Download clinical trial data from ClinicalTrials.gov for breast cancer studies.

**What are clinical trials?** Research studies that test new treatments on human volunteers.

In [None]:
# Fetch 5 breast cancer clinical trials from ClinicalTrials.gov
# This provides real-world treatment data for mCODE conversion
# Using 4 concurrent workers for faster fetching
!python -m src.cli.trials_fetcher --condition "breast cancer" --limit 5 --out raw_trials.ndjson --workers 4 --verbose

## Step 3: Fetch Synthetic Patient Data

Download synthetic patient records that mimic real breast cancer patients.

**Why synthetic patients?** They protect patient privacy while providing realistic data for testing.

In [None]:
# Fetch 5 synthetic breast cancer patients from the 10-year archive
# These are artificially generated but realistic patient records
!python -m src.cli.patients_fetcher --archive breast_cancer_10_years --limit 5 --out raw_patients.ndjson --verbose

## Step 4: Optimize AI Model Parameters

Find the best AI model and prompt combination for processing breast cancer data.

**Why optimize?** Different AI models work better with different types of medical data.

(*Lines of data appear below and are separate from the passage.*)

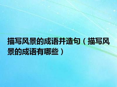 相信目前很多小伙伴对于描写风景的成语有哪些都比较感兴趣,那么小编今天在网上也是收集了一些与描写风景的成语有哪些相关的信息来分享给大家,希望能够帮助到大家哦。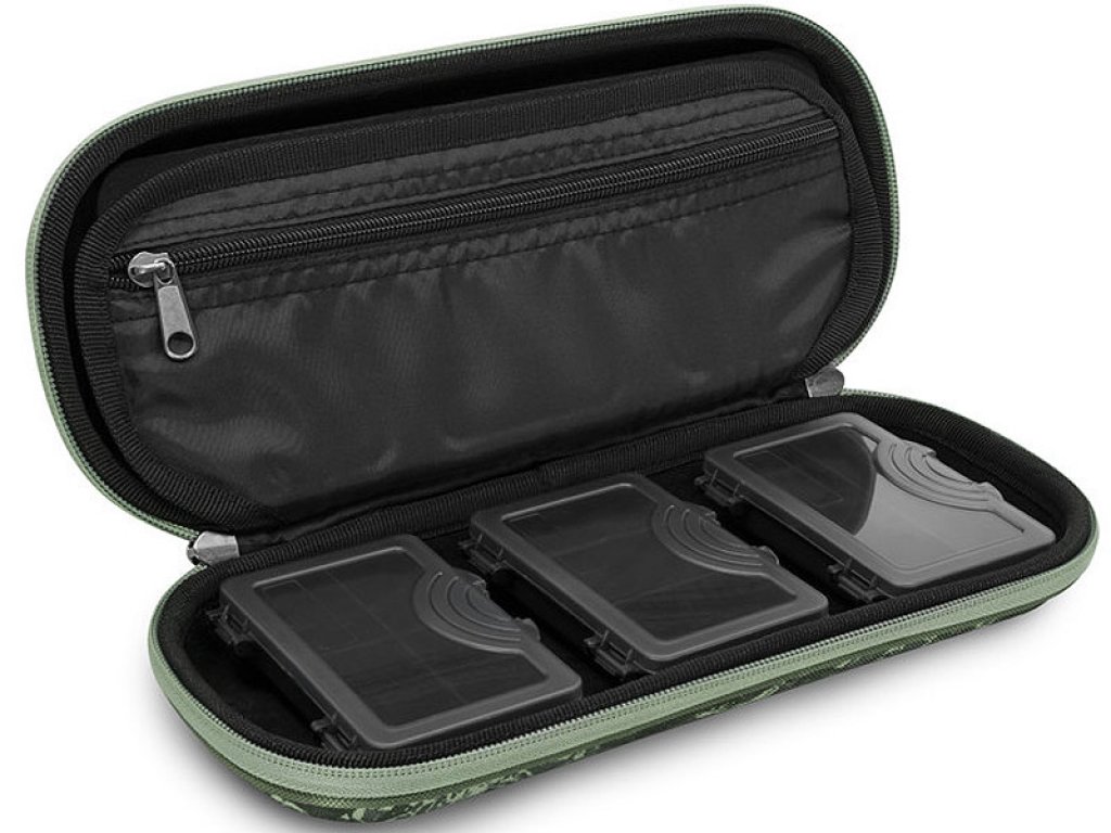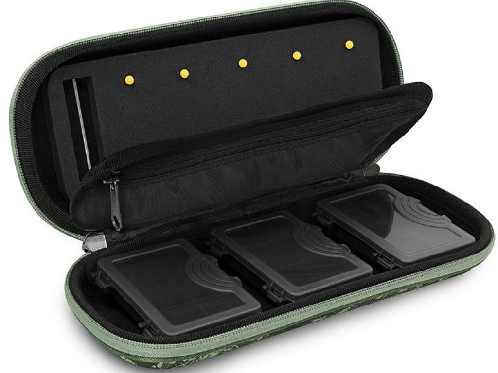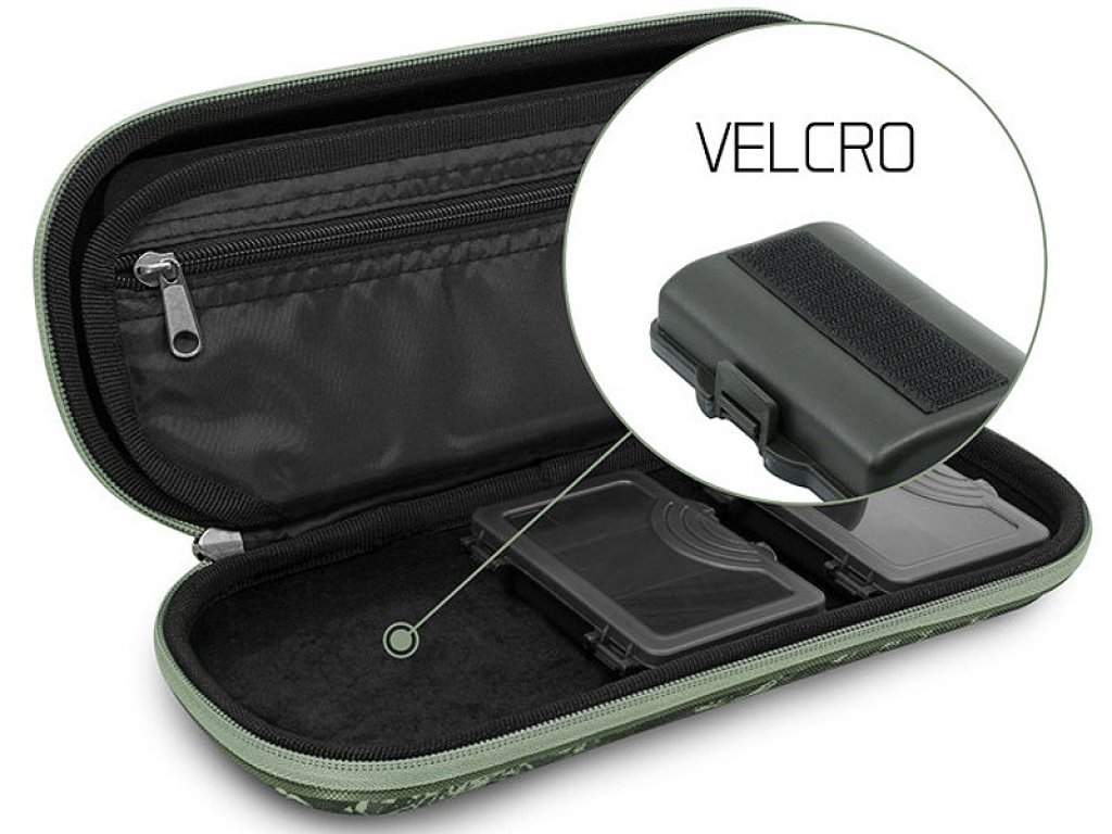 Iznutra je kofer podijeljen na tri dijela: lijevi je izrađen od pjene (26x10x1 cm) i ima 10 žutih pribadača za spremanje opreme, desni ima tri pojedinačne kutije za šaranski pribor (10x7x2,5 cm) i treći je pregrada u sredini s džepom na zip. Ovdje možete spremiti škare ili druge sitnice. Ovaj vrhunski model je apsolutno jeftin!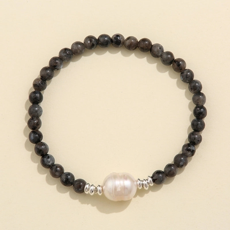 Vintage Style Solid Color Natural Stone Freshwater Pearl Copper Bracelets 5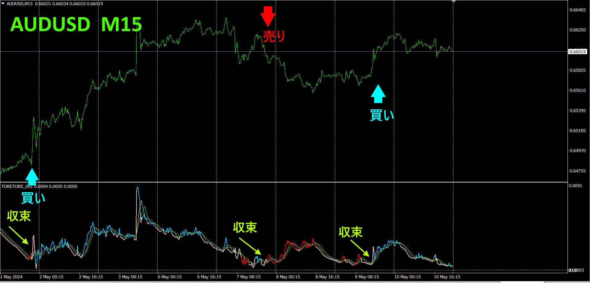 AUDUSDの15分足に「とれとれインジケータ」を導入します。インジケータのメイン線が、十分に収束するのを待ってから、トレードを開始します。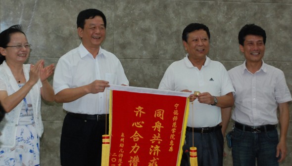 最后,陈雅芳校长对我校的热情接待和经验传授表示衷心的感谢,万建民书记、陈雅芳校长代表泉州幼儿师范高等专科学校向我校赠送纪念品及一枚印着“同舟共济求发展,齐心协力谱新篇”的锦旗。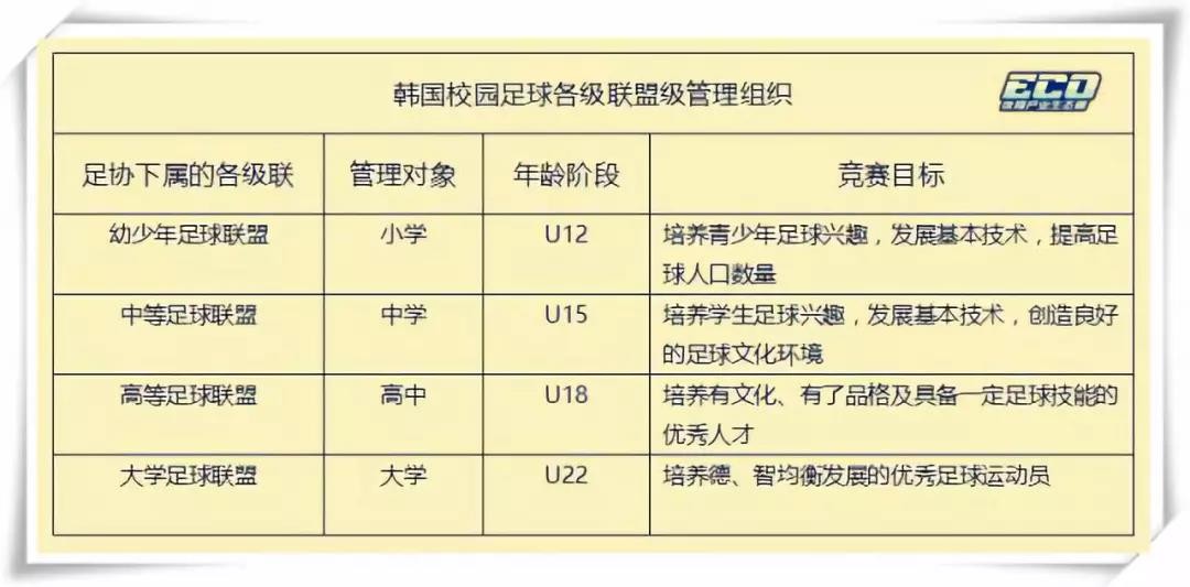 首先,韩国有着完备的校园体系。从小学、初中到高中、大学,韩国足球在每一个阶段都设置了对应的足球联盟,各级联盟虽然独立运营、但在球员的晋升制度上,又互相协调,形成了一个完整的梯队培养体系。

**Note:** The optimizer only works with existing files, never fetches new data via APIs.

In [None]:
# Test 3 different model+prompt combinations using the fetched trial data
# This finds the best configuration for processing breast cancer trials
# The optimizer only works with files, never uses APIs directly
# Using 2 concurrent workers for parallel optimization
!python -m src.cli.trials_optimizer --trials-file raw_trials.ndjson --cv-folds 3 --max-combinations 3 --save-config optimal_config.json --workers 2 --verbose

### 4a: Load Optimal Configuration

Read the optimization results and store the best model/prompt combination for later use.

In [None]:
# Load the optimal AI configuration found by the optimizer
import json
from pathlib import Path

config_file = Path('optimal_config.json')
if config_file.exists():
    with open(config_file, 'r') as f:
        optimal_config = json.load(f)
    
    # Store the best settings for use in later steps
    BEST_MODEL = optimal_config['optimal_settings']['model']
    BEST_PROMPT = optimal_config['optimal_settings']['prompt']
    
    print(f"🎯 Optimal configuration:")
    print(f"   Model: {BEST_MODEL}")
    print(f"   Prompt: {BEST_PROMPT}")
    print(f"   CV score: {optimal_config['optimal_settings']['cv_score']:.3f}")
else:
    # Fallback to defaults if optimization failed
    BEST_MODEL = 'deepseek-coder'
    BEST_PROMPT = 'direct_mcode_evidence_based_concise'
    print("⚠️  Using default configuration (optimization may have failed)")
    print(f"   Model: {BEST_MODEL}")
    print(f"   Prompt: {BEST_PROMPT}")

## Step 5: Process Trials to mCODE Format

Convert raw clinical trial data to structured mCODE format using the optimized AI model.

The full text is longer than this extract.